One of the devices in question was indeed still using the default login and password, but the script failed to figure out what the device was due to looking for a very specific bit of text in the source of the login screen. Nonetheless, I had a device on my network that very neatly fit the pattern for being abused by an IoT botnet, and this bore further investigation.

Investigating

There are a number of routes that we can take to investigate a specific device and see what it is up to. In the absence of historical log data, we can scan it externally, try to get onto the device itself and see what we can see, and we can look at the traffic inbound to and outbound from the device.

Nmap

One of the easiest and most informative tools that we can use to look at our device is Nmap. We can do a quick nmap -A against the device, which will give us OS detection, version detection, script scanning, and traceroute, resulting in:

graphic-IoT-image4.png

So here we can see the expected web server, running lighthttpd on ports 80 and 443, rtsp running on port 554, presumably to support streaming video from the device, and Dropbear running an ssh server. One thing to notice here is the lack of a Telnet server immediately visible on port 23. It could be on another port, but this does put us out of the immediately dangerous spot as far as Mirai and other variants go.

Internally

If we can get on the system itself (where system = tiny golfball-sized IP camera running linux), we should be able to interrogate it and find out exactly what it is that is using up so much bandwidth.

SSH

Since we saw an SSH server running from the nmap scan, we can try to connect to that. Using the still default vendor credentials of ubnt for a username and password we can ssh ubnt@10.0.0.197 and voilà:

graphic-IoT-image5.png

So here we have a standard BusyBox linux, common to many embedded systems. This gives us a somewhat limited but common set of tools that we can use to check things out a bit further.

Netstat

First and foremost, we can make use of netsat. Running netstat -anputw will give us a solid idea of who we are presently talking to. These options will list all UDP (u), TCP (t) and RAW (w)  connections on all sockets (a) with numeric hosts (n) and includes the associated program (p):

graphic-IoT-image6.png

Nothing much of interest here. We can see the SSH connection from 10.0.0.117 and the various camera specific connections to the recording back end on 10.0.0.197. Nothing unusual talking or listening.

Poking About the System

While logged in, we have the opportunity to poke around the system in general. This device is a very typical stripped-down linux BusyBox. In /var/log/ there are system logs, as we might expect, which are largely full of the camera specific bits doing camera-specific things. We can also look at dmesg and learn a bit more about the specific hardware and environment:

graphic-IoT-image7.png

One interesting thing to discover here, for gee whiz purposes, is that the system appears to be running on OpenWrt, which is somewhat cool for a consumer IP camera. Overall, nothing too interesting or unusual.

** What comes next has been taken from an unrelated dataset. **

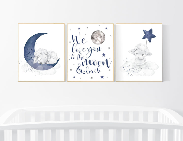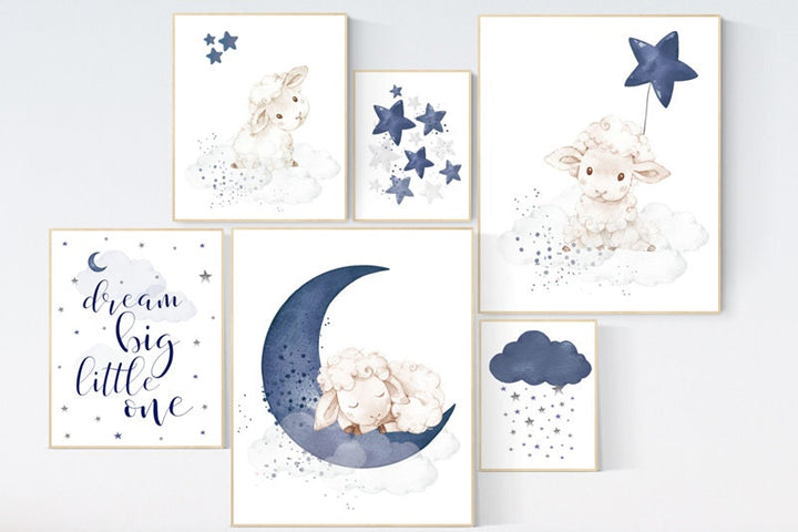 Sheep nursery decor, Nursery decor boy, nursery decor lambs, nursery wall art sheep, moon and cloud wall art nursery, navy nursery wall art

It is worth noting, for purposes of looking for signs of Mirai, that there would also not be anything here. Mirai maintains a connection through the open telnet server and does not, at this point, have a mechanism for persistence. It is also, however, worth noting, that putting such a mechanism in place would be fairly trivial and we should expect its arrival/discovery at any point.

Examining the Traffic

There are a couple bits that we can look at for purposes of examining the specific traffic externally to the device. We can look at packet captures and we can look at netflow data.

Packet Captures

In this case, I asked the pfSense box to pull a packet capture of all traffic destined to or from our questionable camera. Since the camera was attached to a wireless network and, from an infrastructure perspective, it would have been a bit of a pain to get monitoring in place an isolate traffic out for the particular device, this was by far the easiest route.

In our case, unfortunately (or fortunately, rather), nothing of interest. While this doesn’t mean that there would never be anything of interest, it does mean that the device is not spending all of its time actively attacking and/or communicating with odd devices on the internet.

graphic-IoT-image8.png


NetFlow

In order to get a better idea of what exactly the device is doing, we can also look at the NetFlow data. We can pull NetfFow from a variety of places on the network. NetFlow was originally developed by Cisco and gives us  variety of information about the source and destination traffic on the network.

In my case, I have a pfSense firewall and can make use of the softflowd package to collect the netflow data. From there, I need to send it somewhere to aggregate and analyze the data. There are a huge number of tools available for this task, many of them commercial and either free or with a free trial period. I do, however like to use open source tools whenever possible, so we’ll go with ntop.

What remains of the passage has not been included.